Activity:
Working from the start of the listing, please write out exactly the lines through the one that holds "BodenMax Klickfliesen Terrasse", both included, and omit all pictures.

Information shown:
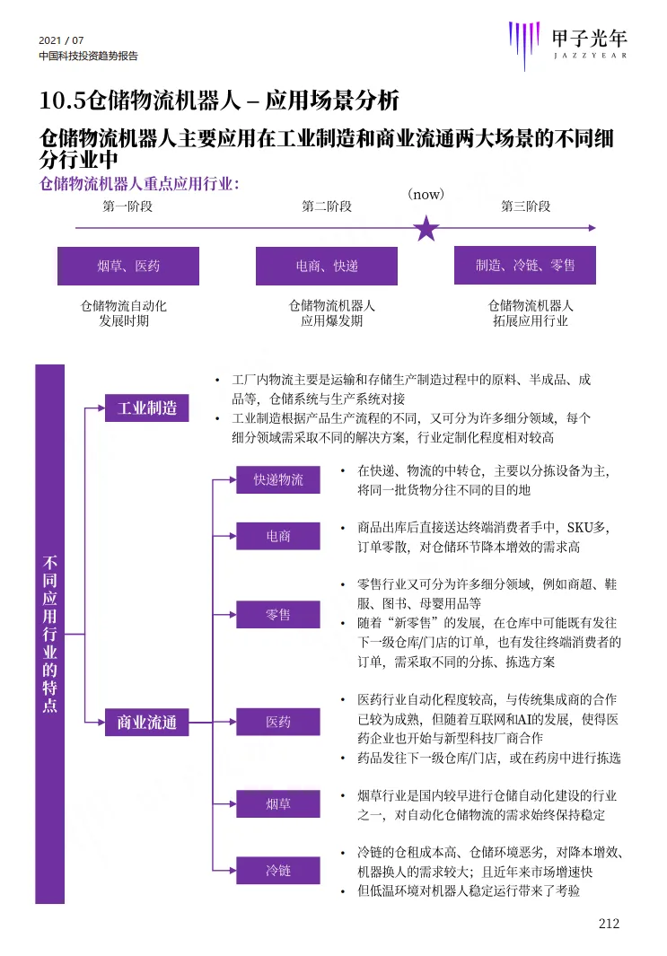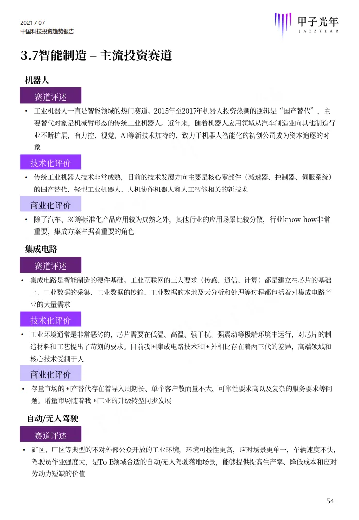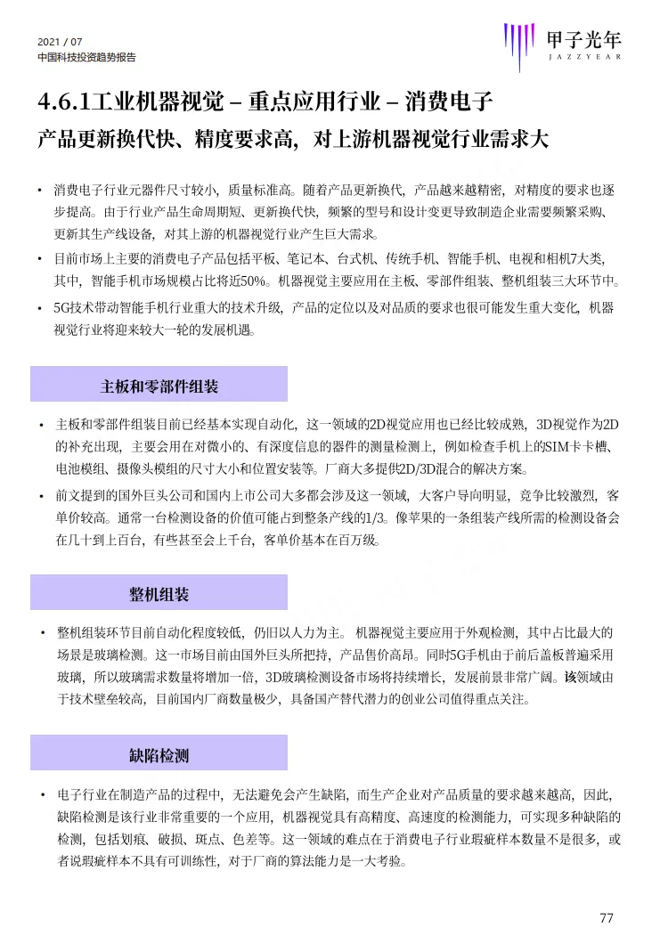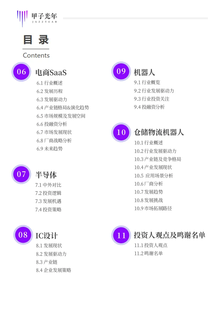 该部分选择了智能制造、工业机器视觉、云计算、电商SaaS、半导体、IC设计、机器人、仓储物流机器人等八个细分行业进行了研究分析,每个行业从发展历程、产业链、市场规模、竞争格局、投融资、重点细分应用行业、行业发展关键要素、未来趋势等角度进行全面分析。
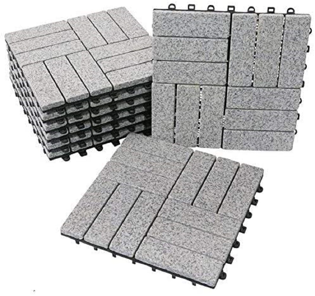 BodenMax Klickfliesen Terrasse grau Gehwegplatten Steinplatten Garten 30x30 cm Fliesen Balkon Klicksystem Wetterfest | Naturstein GRANIT | 8 Stück
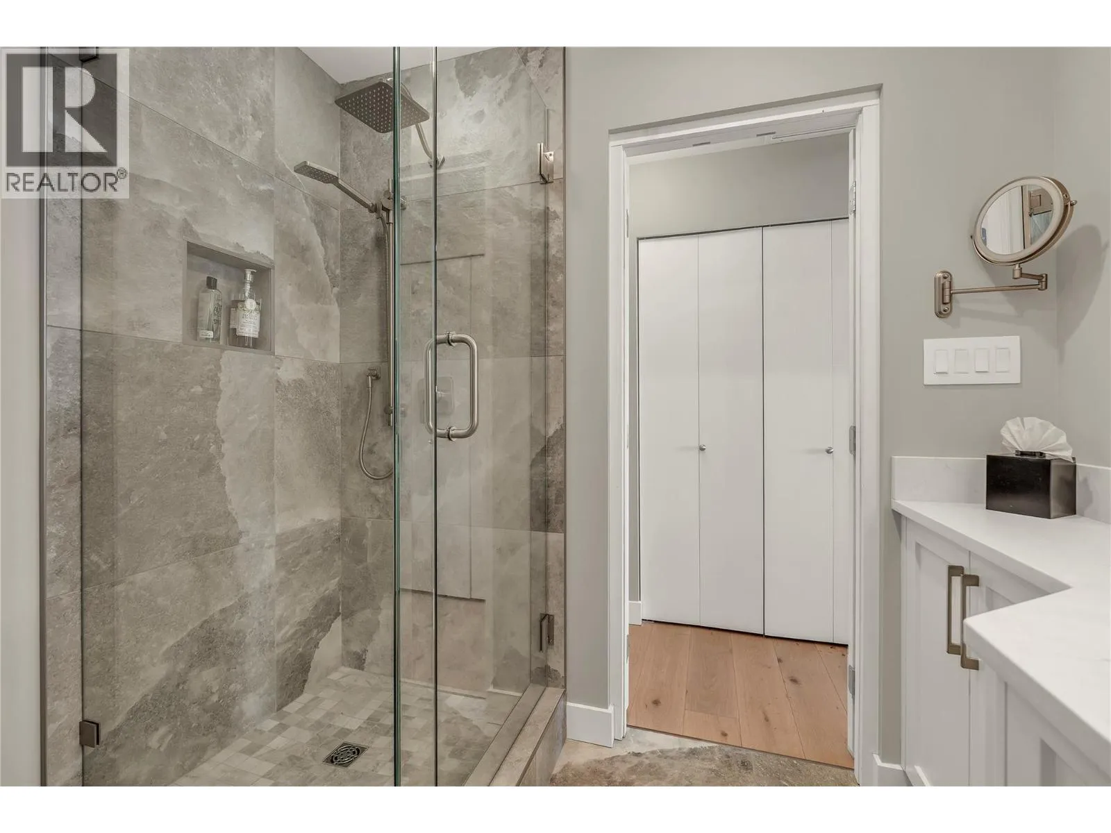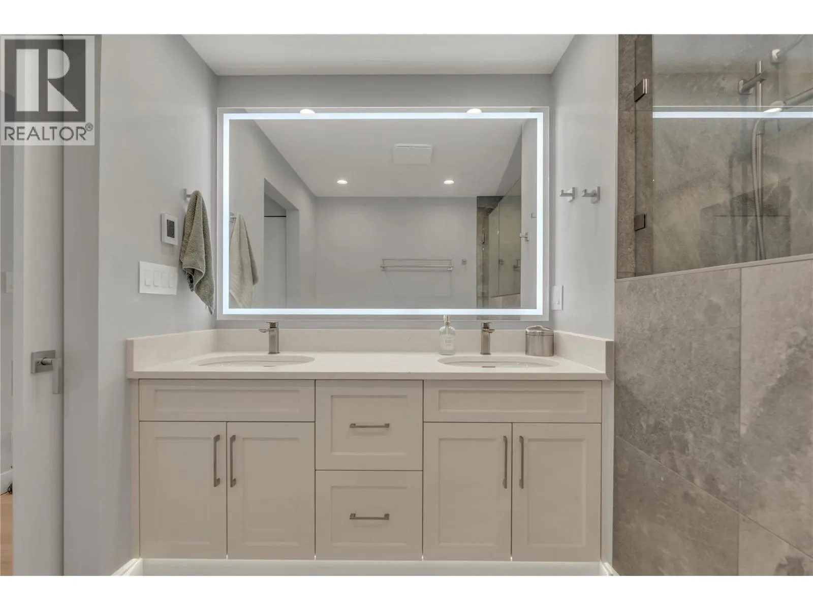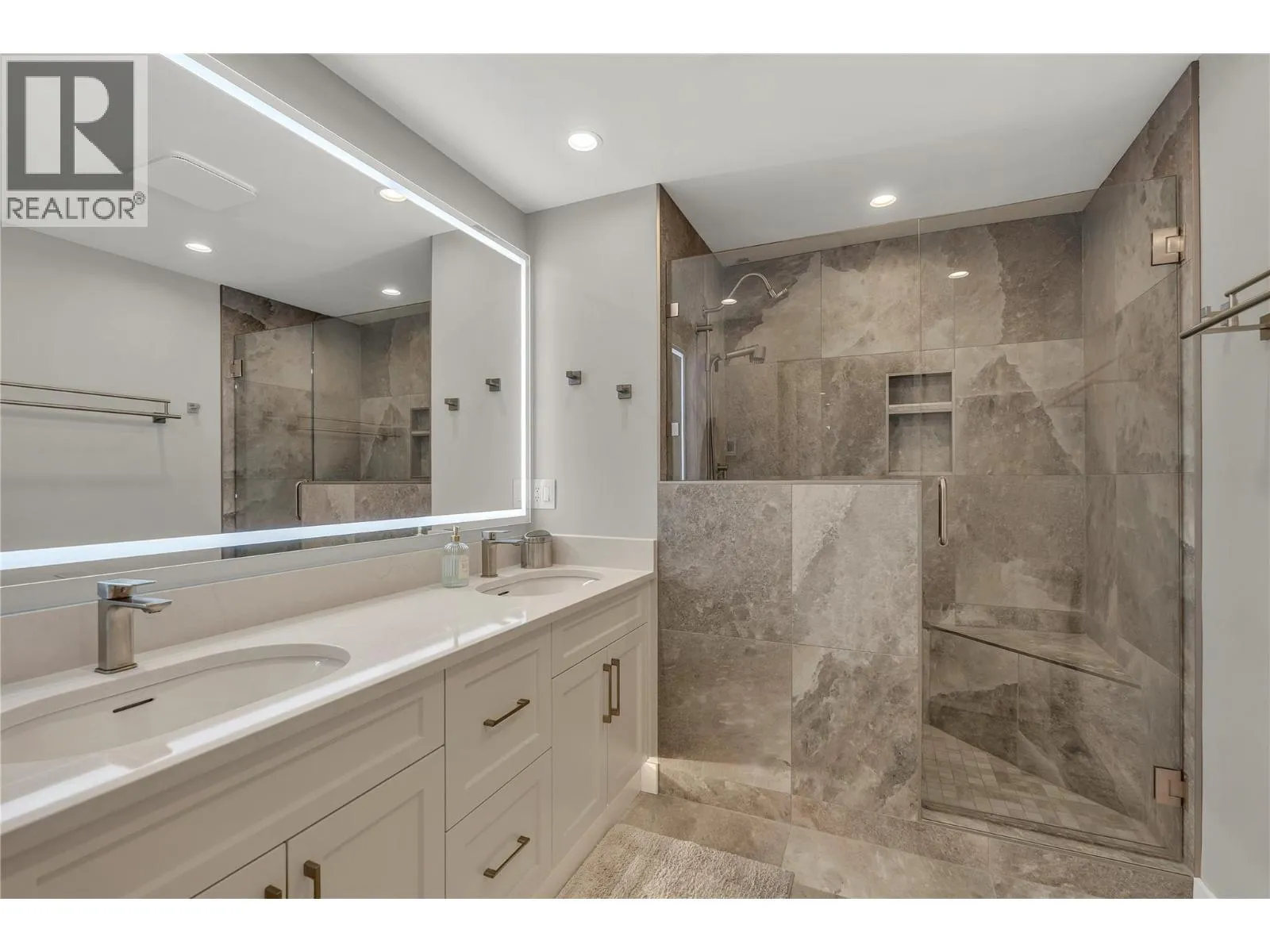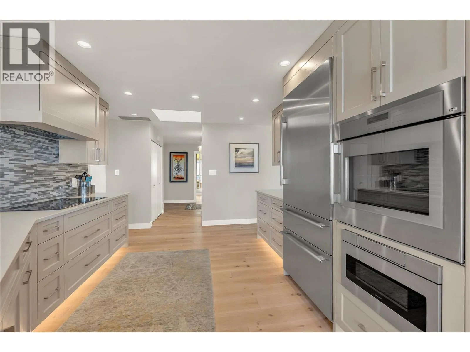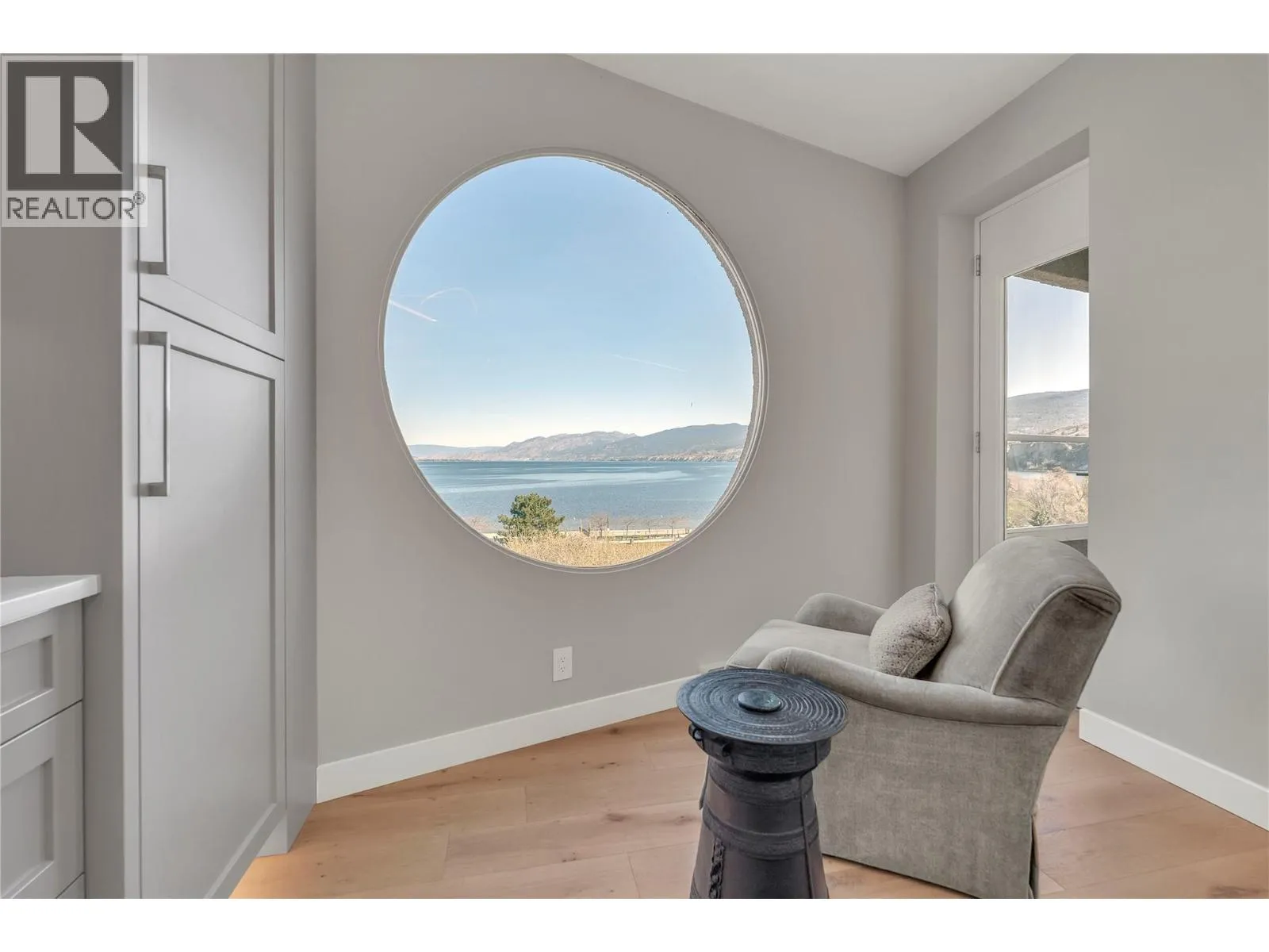 Perfectly positioned in one of Pentictonâs most sought after addresses, this gorgeous penthouse at 86 Lakeshore Drive delivers a truly rare offering, unobstructed, panoramic views spanning Okanagan Lake, the City of Penticton, and the surrounding mountains from every window. With over 1,200 sq.ft. of wraparound deck, this is a front row seat to the Okanagan lifestyle. Beautifully updated throughout, this home showcases a stunning custom kitchen with quartz countertops, premium stainless appliances, and seamless flow to a sunlit nook with direct access to the lakeview deck. New flooring carries throughout into an expansive living space anchored by a gas fireplace, bar with wine and beverage fridges, and walls of glass framing breathtaking views in every direction. The layout is both functional and refined, offering a den/office, sunroom, an impressive primary retreat with walk-in closet, full ensuite, and direct deck access, plus a spacious second bedroom with its own ensuite and equally stunning views. Set directly across from the beach, park, and Okanagan lake, this exclusive 55+ residence includes two secure underground parking stalls and storage. This is more than a home, itâs penthouse living at its finest. (id:27476)

Answer for this exercise:
 该部分选择了智能制造、工业机器视觉、云计算、电商SaaS、半导体、IC设计、机器人、仓储物流机器人等八个细分行业进行了研究分析,每个行业从发展历程、产业链、市场规模、竞争格局、投融资、重点细分应用行业、行业发展关键要素、未来趋势等角度进行全面分析。
 BodenMax Klickfliesen Terrasse grau Gehwegplatten Steinplatten Garten 30x30 cm Fliesen Balkon Klicksystem Wetterfest | Naturstein GRANIT | 8 Stück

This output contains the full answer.